THAILAND’S Finance Ministry has projected higher economic growth for this year, predicting a growth rate of 4.2 per cent and upgrading its economic forecast to 4 per cent for 2017.
In its monthly and quarterly economic reports, the Fiscal Policy Office yesterday revised upward its forecast for last year’s growth rate to 4 per cent, up from the previous 3.8 per cent, due largely to a rise in exports and tourism.
The FPO also forecast expansion of the gross domestic product (GDP) by 4.2 per cent this year driven by investment, consumption and exports.
Finance Ministry spokesperson Kulaya Tantitemit said the economy will be largely driven by public investments, which are expected to increase 11.8 per cent this year, soaring from a contraction of 1.1 per cent last year. Governments have initiated many infrastructure projects for this year, with state enterprises also planning to invest Bt390 billion.
Moreover, the government has also injected a mid-year budget of Bt150 billion to reform the farm sector, said Kulaya, who is also inspector general at the Finance Ministry.
Investors had more confidence in the economy despite the likely 90-day election delay, she said. The ministry predicted private investment will accelerate expansion at 3.8 per cent this year, up from 2.1 per cent last year. Private consumption is expected to rise 3.5 per cent, slightly up from 3.2 per cent last year partly due to a rise in daily minimum wages.
The number of foreign tourists is expected to rise 8 per cent to 38.2 million, up from 35.4 million last year. Visitors are expected to spend Bt2.05 trillion during their stays in Thailand this year, up from Bt1.82 trillion last year.
Thai exports are also expected to benefit from the continued recovery of trading partners.
Export growth, however, would decelerate to 6.6 per cent growth in dollar terms, compared with a growth rate of 9.7 per cent last year. And import growth would also decelerate to 7.1 per cent, compared with 14.7 per cent last year. A stronger baht would encourage more imports, predicted to expand at 8.6 per cent, compared with 14.7 per cent last year. Inflation is expected to be higher this year, where headline inflation is expected to rise to 1.2 per cent, up from 0.7 per cent last year. Rising crude oil prices would impact inflation as the average oil price in Dubai is expected at $61.50 (Bt1,932.61) per barrel.

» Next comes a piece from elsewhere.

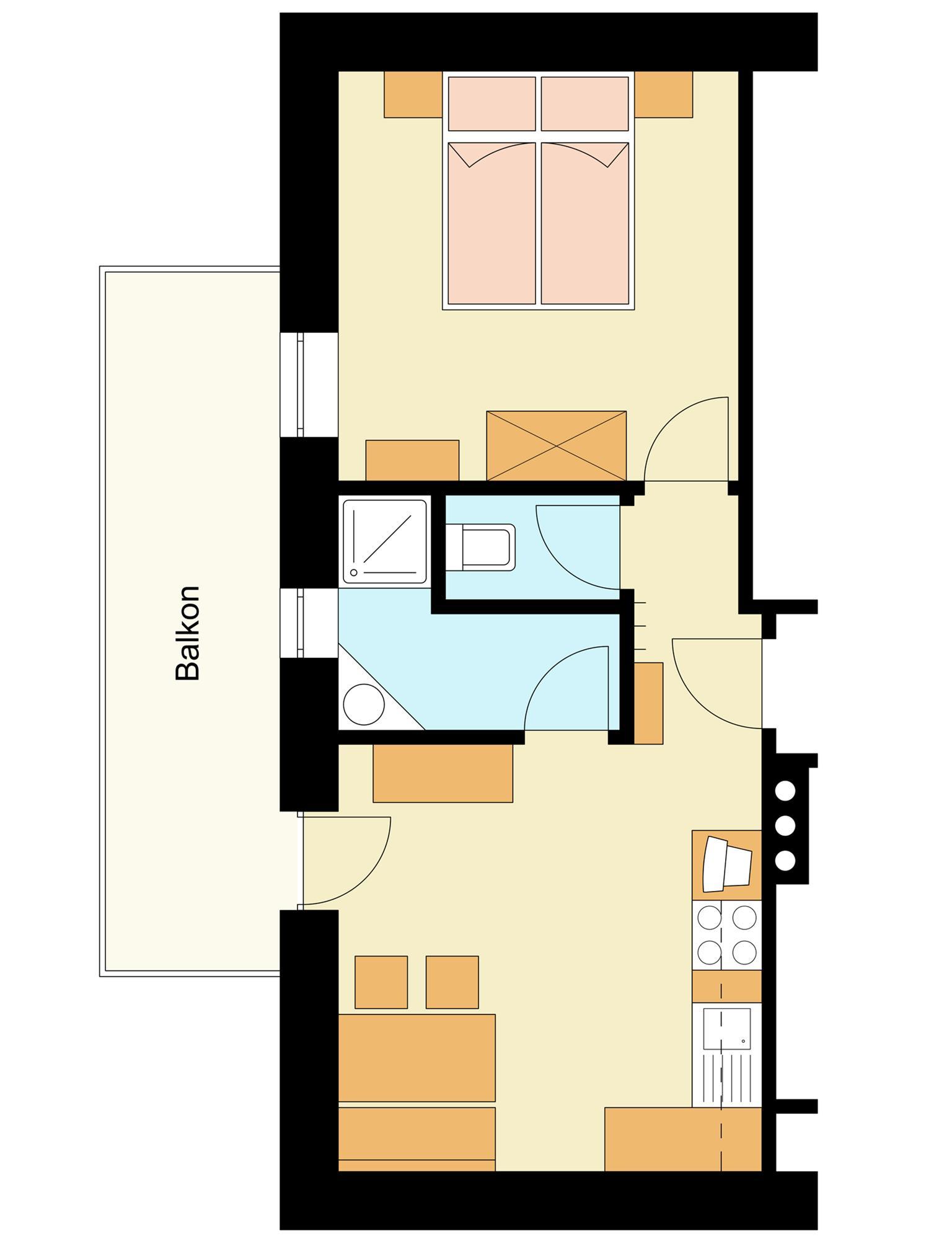 In der Wohnküche befindet sich eine Sitzecke, Kühlschrank mit Gefrierfach, Geschirrspüler, E-Herd mit Backrohr, Kaffeemaschine, Wasserkocher, Toaster, Koch- und Tafelgeschirr, Mikrowelle, Sat-TV, Fön, Safe, Hand- und Badetücher, gratis W-Lan. Im Schlafzimmer ist ein Doppelbett und es kann ein Zusatzbett für 1 weitere Person aufgestellt werden. Dusche und WC getrennt. Großer überdachter Balkon mit Gartenmöbel und Sonnenschirm.
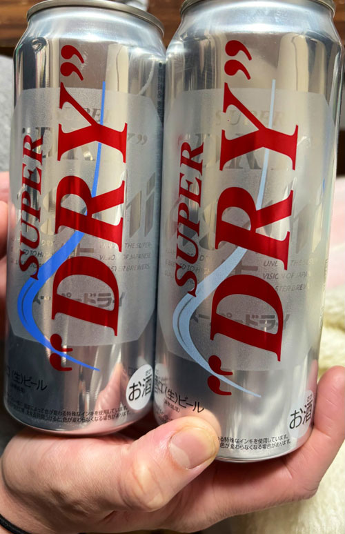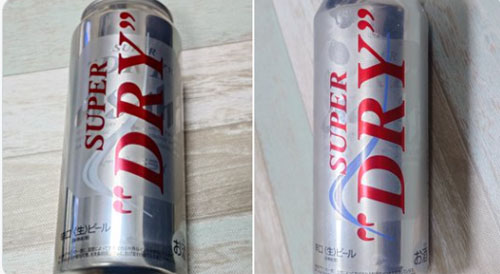 最近のスーパードライはキンキンに冷えて美味しい状態になると真ん中の白い模様が青くなります。

The country is expected to have a current account surplus worth $45.5 billion (nearly Bt1.43 trillion), equivalent to 9.1 per cent of GDP.

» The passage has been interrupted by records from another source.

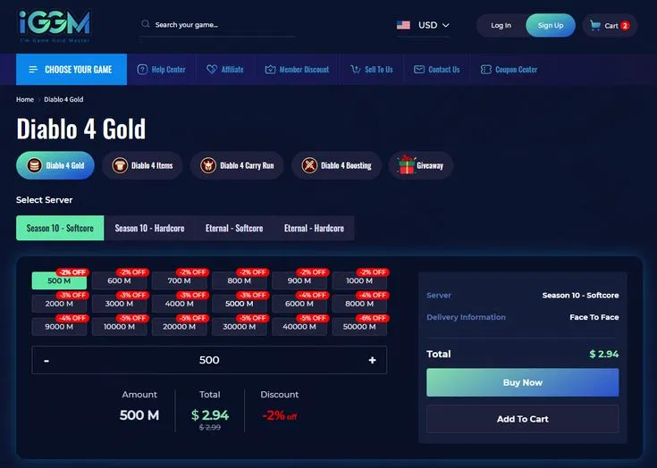 Since the initial release of Diablo 4, they have been selling related game products and continuously expanding their offerings. Currently, IGGM has a stable supply of Diablo 4 gold, items, carry runs, and boosting services for sale, suitable for both softcore and hardcore servers, essentially covering all the needs of current players.
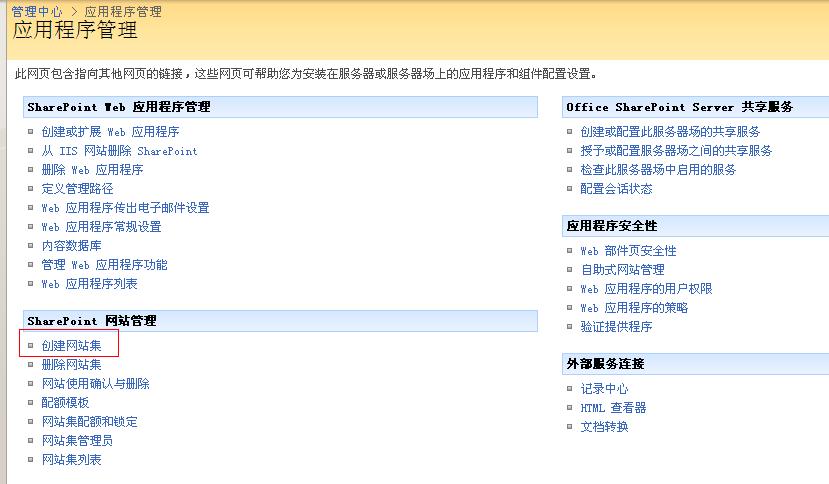 來到熟悉的應用程序管理界面,在SharePoint 網站管理中,我們就可以創建網站:
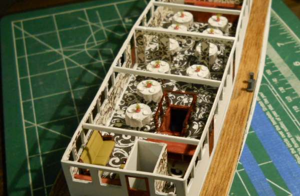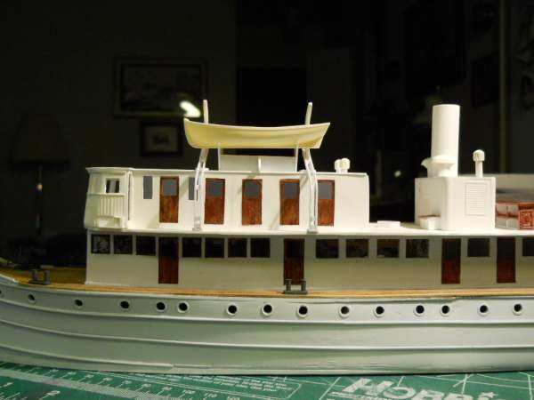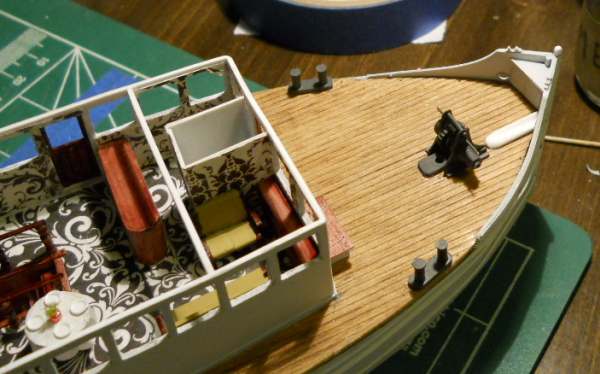 There's still a lot of interior detail left to do before the Bridge deck can be permanently attached, and the stanchions, and railings on the Shelter deck can be built and installed.
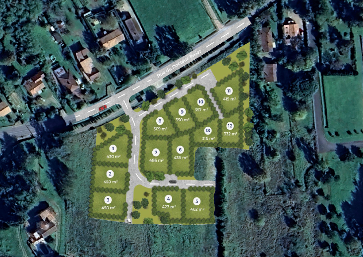 13 terrains à bâtir viabilisés de 316 m² à 486 m², Libre de constructeur dans un village attractif, proches de tous commerces et infrastructures : Boulangerie, Pharmacie, Superette, boucherie, restaurant, tabac presse, une école maternelle et une école primaire, cabinet médical.
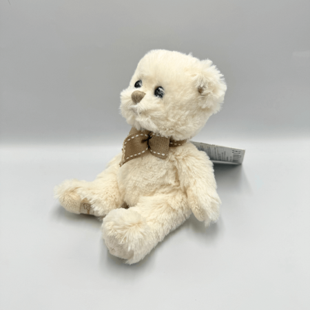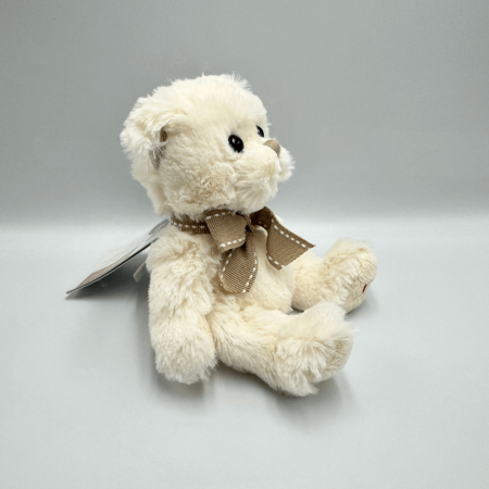 Lovely Caspar to wyjątkowy miś, który zachwyca swoją subtelnością i elegancją. Jego beżowe futerko o średniej długości jest niezwykle miękkie w dotyku, co czyni go idealnym towarzyszem do przytulania. Pyszczek misia został starannie wyszyty beżową nicią, a akrylowe oczka w ciemnym kolorze nadają mu wyrazistości i łagodności. Na szyi Caspar nosi delikatną beżową kokardę, która podkreśla jego urok i sprawia, że jest jeszcze bardziej wyjątkowy. Co wyróżnia Lovely Caspar spośród innych misiów, to wyhaftowane czerwone serduszko na jednej z jego stópek. To mały, ale bardzo ważny detal, który czyni go idealnym prezentem pełnym miłości i ciepła. Caspar ma około 18 cm wysokości, co czyni go doskonałym towarzyszem zabawy i poczuciem bezpieczeństwa dla dzieci. Dzięki swojemu uniwersalnemu wyglądowi będzie pasował zarówno do dziecięcego pokoju, jak i stanowił piękną ozdobę w każdej kolekcji pluszaków. Lovely Caspar to miś, który z pewnością zostanie ulubionym przyjacielem każdego, kto go otrzyma.

The market is expecting that the ongoing current account surplus will continue to strengthen the baht against the US dollar. The stronger baht will hurt the farm sector as well as exporters because as it erodes the competitiveness of Thai products.
In a related development, economic activities in December last year continued to expand as measured by some economic indicators, said the Finance Ministry. Deputy director general of the Fiscal Policy Office, Varothai Kosolpisitkul, said that the collection of the value-added tax rose 5.9 per cent last month, and car sales rose 40.7 per cent, for expansion over 12 consecutive months. This suggests vibrating of consumption, he said.

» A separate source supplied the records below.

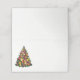 This folded name place card is shown in basic white with a festive holiday Christmas tree print.
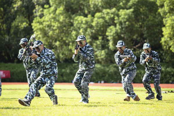 随后,军训教导队进行了军事技能表演,受训学员表演了英姿飒爽的擒敌拳、紧张刺激的实战演练、催人奋进的军歌合唱等,精彩的汇报演出赢得了在场师生的阵阵掌声。
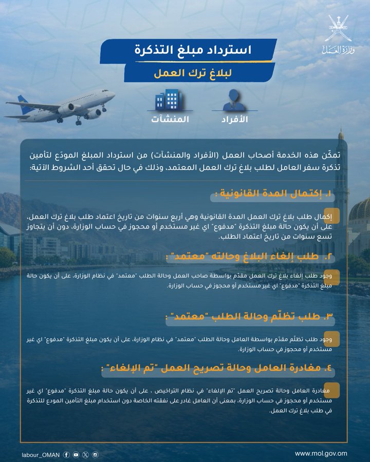 تسعى وزارة العمل في سلطنة عمان بشكل مستمر إلى تنظيم العلاقة التعاقدية بين صاحب العمل والعامل بما يضمن حقوق الطرفين . ومن أبرز التسهيلات التي قدمتها الوزارة مؤخراً هي خدمة "استرداد مبلغ التذكرة لبلاغ ترك العمل"، والتي تتيح للمنشآت والأفراد استرجاع المبالغ المودعة لتأمين سفر العمال في حالات محددة.
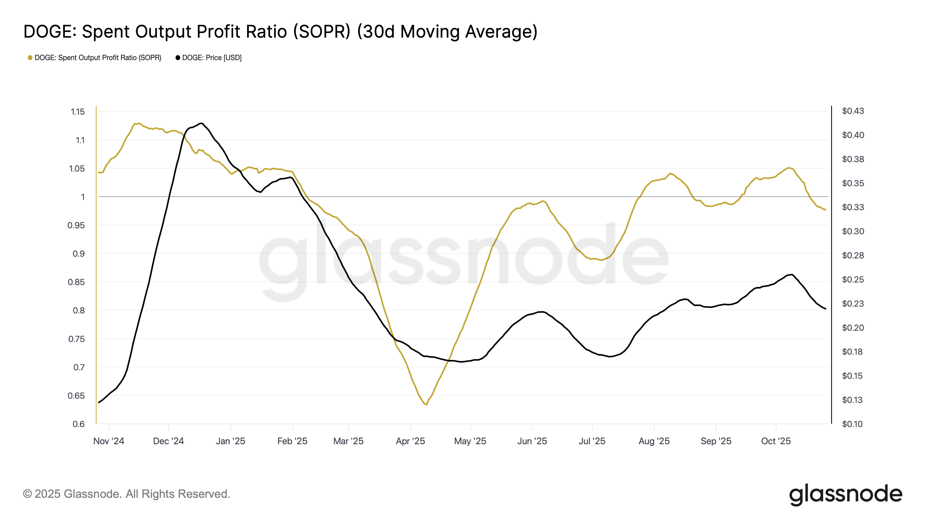 El Ratio de Beneficio de Salida Gastada (SOPR) de Dogecoin, un indicador en cadena que mide si los tokens se están vendiendo con ganancias o pérdidas, ha caído a 0.97, según Glassnode.
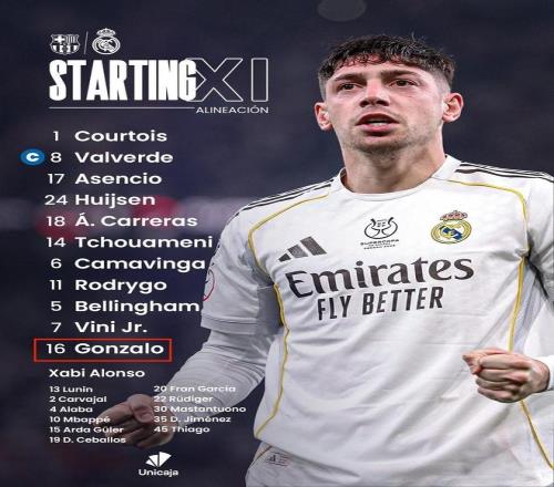 西超杯决赛,皇家马德里对阵巴塞罗那,赛前,皇马公布首发名单疑似出错,一开始是居莱尔首发,随后改成了贡萨洛-加西亚首发的正确版本。
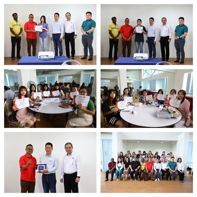 在结营仪式上,沙捞越大学对南京特师第二批研学团同学们的出色表现表示赞扬和期许。丁祖保书记在总结发言中再次感谢了沙捞越大学的精心款待,对未来两校间的国际化合作前景寄予厚望,并诚邀沙捞越大学今年来公司参观访问以进一步加强相互了解、探索合作。对研学团全体同学的努力付出、取得的进步给予充分肯定,对大家顺利结业表示热烈祝贺。最后,丁祖保书记与沙捞越大学副董事长阿勒哈利德▪哈兹▪奥斯曼教授、商学院总裁潘振丰教授、语言与传播学院经理安比戈帕▪潘迪亚教授、国际处田洪发处长一起为每位员工颁发结营证书。

Sale of commercial cars rose 9.5 per cent and sale of one-tonne pickup trucks increased 8.4 per cent, suggesting rising private investment.
The Price Index of construction materials increased 3 per cent in December and rose 3.6 per cent in the fourth quarter last year, due to public investment projects and private investment in the property sector.
The regional economy also expanded in December and in the last quarter of 2017, led by eastern, central and southern regions driven by private consumption and investment, Varothai added.